▶ **How to complete this task**
Your answer must be the line containing "中建科技所展出小型一体化装配" and each following line to the end of the listing below, copied exactly, with pictures removed and nothing added.

▶ **Given information**
#####
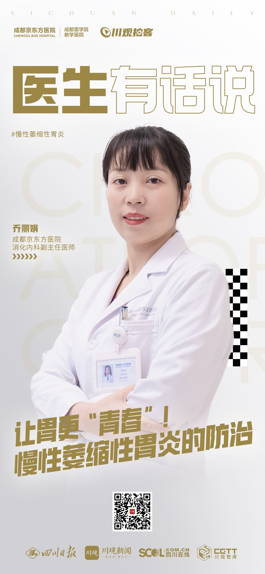 本期《医生有话说》,我们邀请到来自成都京东方医院的主任医师跟大家聊一聊慢性萎缩性胃炎的防治话题。
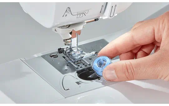 - Bobina ad inserimento rapido: è sufficiente infilare una bobina completa e inserire il filo nella direzione della freccia per essere pronti a cucire
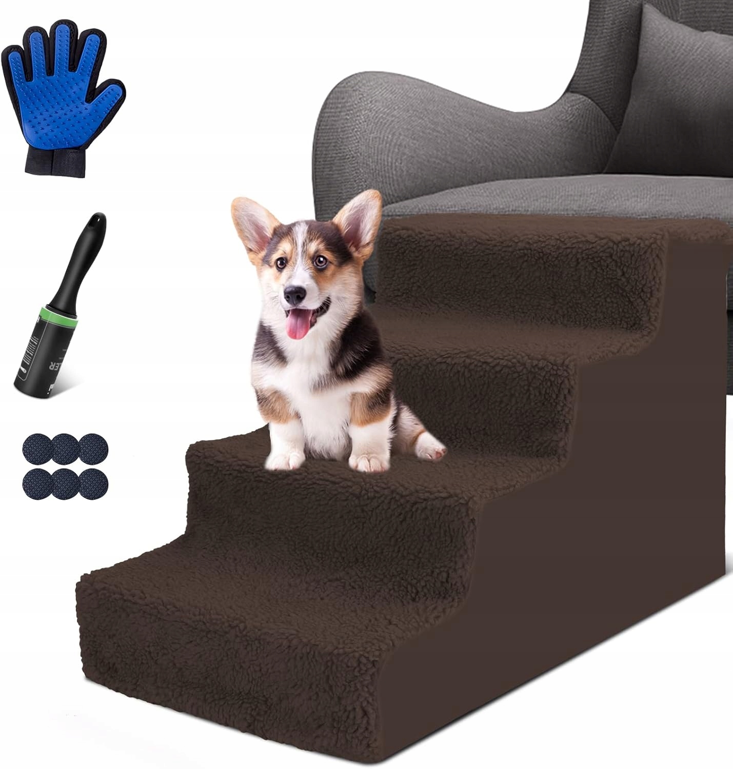 Лестница для животных легко транспортировать, сами должна собираться внутренняя пластиковая ручка, а упаковка не займет много места. После получения товара не требуется никаких инструментов, и сборка может быть сделана с помощью простых шагов. Кроме того, крышка лестницы может быть легко удалена, и его можно промыть вручную и в стиральной машине сотни раз без деформации или исчезновения. Это может быть использовано много раз
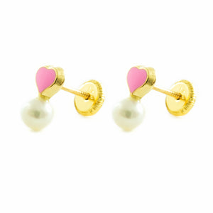 9 Carat Gold Earrings (375/1000) Heart Pink Enamel Round Pearl 4 mm
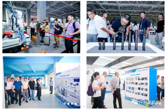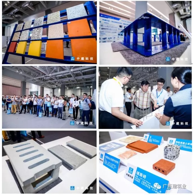 中建科技所展出小型一体化装配式智慧公厕、装配式建筑智慧建造平台、智能建造机器人、基于光纤光栅的结构健康监测系统、光伏镂空柱帽、渣土透水砖、生态弃土发泡混凝土、光伏建筑一体化外墙样板等十余项创新产品吸引大批嘉宾驻足观看、深入咨询。
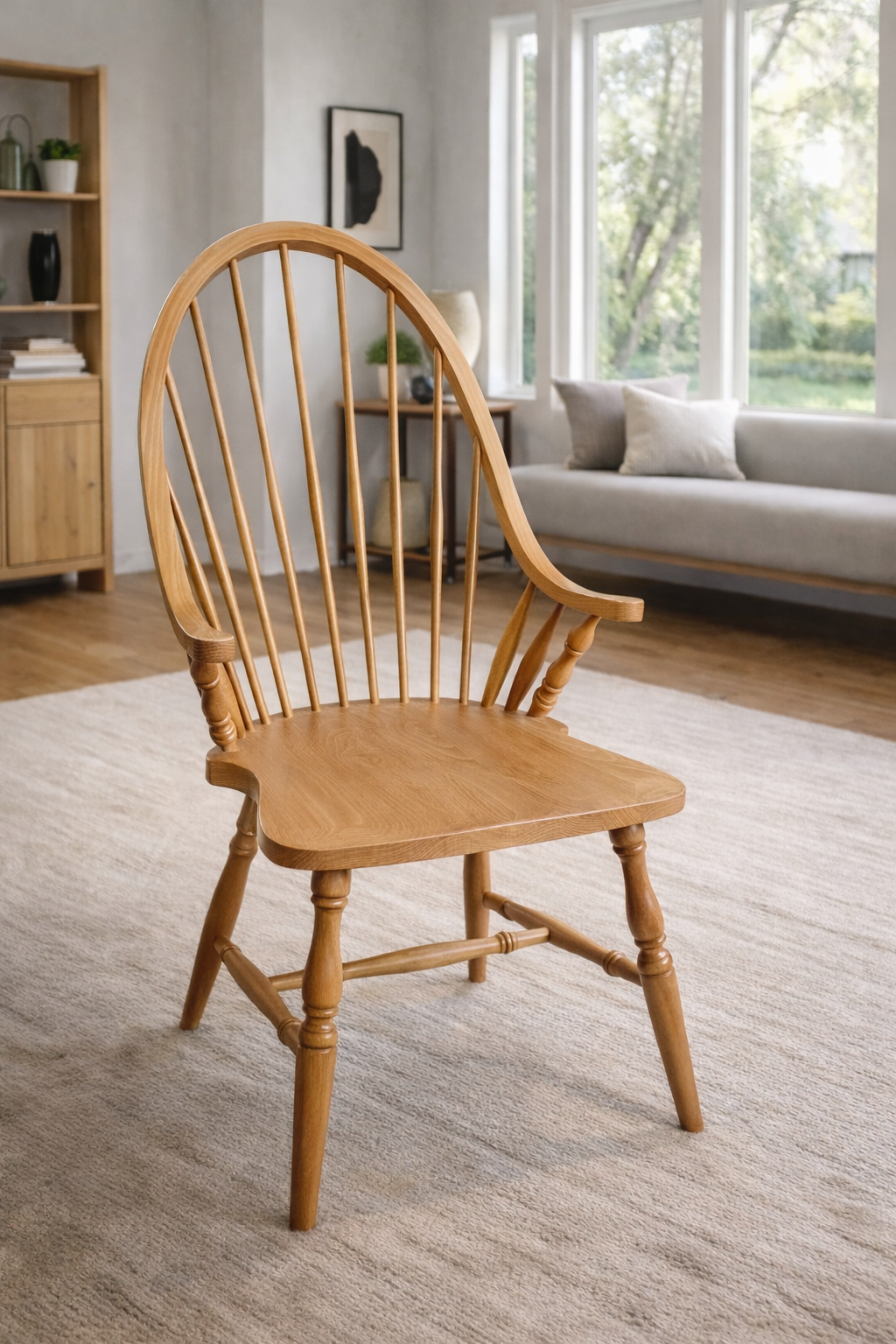 je prava MASIVNA klasika, ki v vaš prostor obuja brezčasno lepoto in vintage eleganco. Z izjemno visokim hrbtiščem (110 cm) nudi nadstandardno oporo in udobje, ki ga v modernih stolih težko najdete. Idealen je za ljubitelje retro sloga, ki iščejo kakovostno izdelavo in topel videz masivnega lesa.
#####
▶ **Solution**
 中建科技所展出小型一体化装配式智慧公厕、装配式建筑智慧建造平台、智能建造机器人、基于光纤光栅的结构健康监测系统、光伏镂空柱帽、渣土透水砖、生态弃土发泡混凝土、光伏建筑一体化外墙样板等十余项创新产品吸引大批嘉宾驻足观看、深入咨询。
 je prava MASIVNA klasika, ki v vaš prostor obuja brezčasno lepoto in vintage eleganco. Z izjemno visokim hrbtiščem (110 cm) nudi nadstandardno oporo in udobje, ki ga v modernih stolih težko najdete. Idealen je za ljubitelje retro sloga, ki iščejo kakovostno izdelavo in topel videz masivnega lesa.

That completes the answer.